In order to guarantee systems immunity, lightning induced electromagnetic energy has to be lower than the system's susceptibility threshold. This can be achieved, if the aircraft structure provides a good protection against lightning current as well as against its electromagnetic induced field. Moreover such a structure is also required to constitute a ground plane that guarantees very low common mode impedance between all grounded systems in order to keep them at the same electrical potential.
The interaction of lightning with aircraft structure, and the coupling of induced energy with harnesses and systems inside the airframe, is a complex phenomenon, mainly for composite aircraft.
Composite structures are either not conductive at all (e.g., fiberglass) or are significantly less conductive than metals (e.g., carbon fiber).
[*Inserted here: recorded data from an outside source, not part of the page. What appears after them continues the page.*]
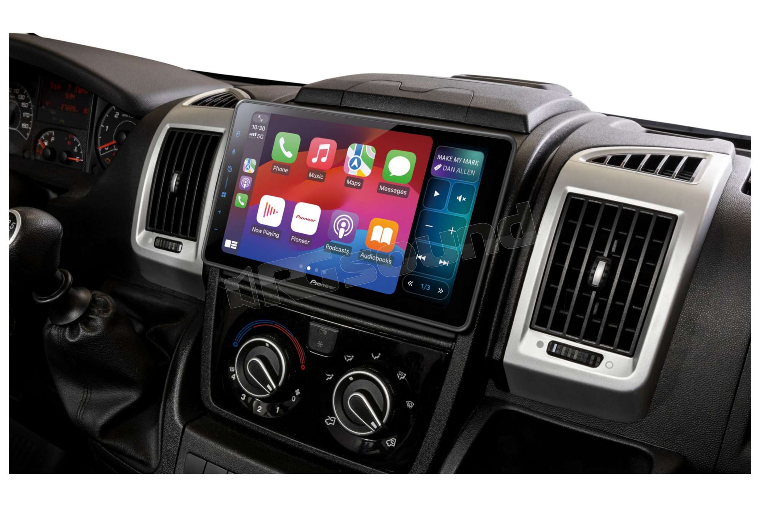 Modalità schermo diviso Pioneer, per visualizzare e controllare funzioni specifiche su una parte adiacente dello schermo ridimensionando dinamicamente l'interfaccia utente di Apple CarPlay.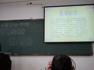 于中心校区李四光教学楼314教室举办了医事法学专业学习经验交流会。12级负责人和医法优秀学生代表及13级全体医法专业同学参加了本次交流会。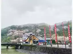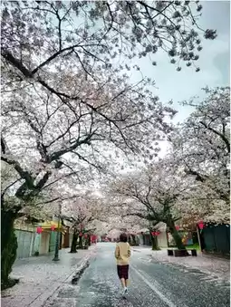 - 💮🌳 The path to the shrine is full of cherry blossoms that are in full bloom, very beautiful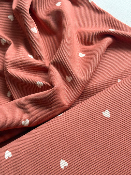 Fine Ribbed Cotton Jersey Fabric - Hearts

Consequently, current from a lightning strike will not linger long time on aircraft skin (outside) but will enter the structure and seek metal paths available to propagate through. This is why the protection of a composite aircraft from lightning strike induced effects is a real challenge, and cannot be improvised. A good knowledge of the physics related to the coupling mechanism of lightning energy and a composite aircraft including systems inside, is essential in order to provide adequate protection to the airframe and its systems with minimum cost and weight.
When a metallic aircraft is struck by lightning, the current that will couple to cables interconnecting systems inside that aircraft will be governed by the aircraft structure, the cable shield electrical characteristics, and of course the lightning threat parameters: current amplitude, wave shape and propagation time.
For a composite aircraft it becomes more complex, because more parameters will manage the lightning current induced on harnesses and its effects on systems.
In the same lighting environment, two equivalent airframes with one made of composite and one all metal, lightning current and its induced effects on systems, will be very different and higher on composite aircraft from those observed on a metallic aircraft. Consequently, systems and harnesses will require more protection on a composite aircraft compared to a metallic aircraft.
This paper conducts a theoretical analysis supported by some experimental data on the interaction of lightning with composite aircraft versus all metal aircraft. The paper also assesses the induced effects on different types of systems.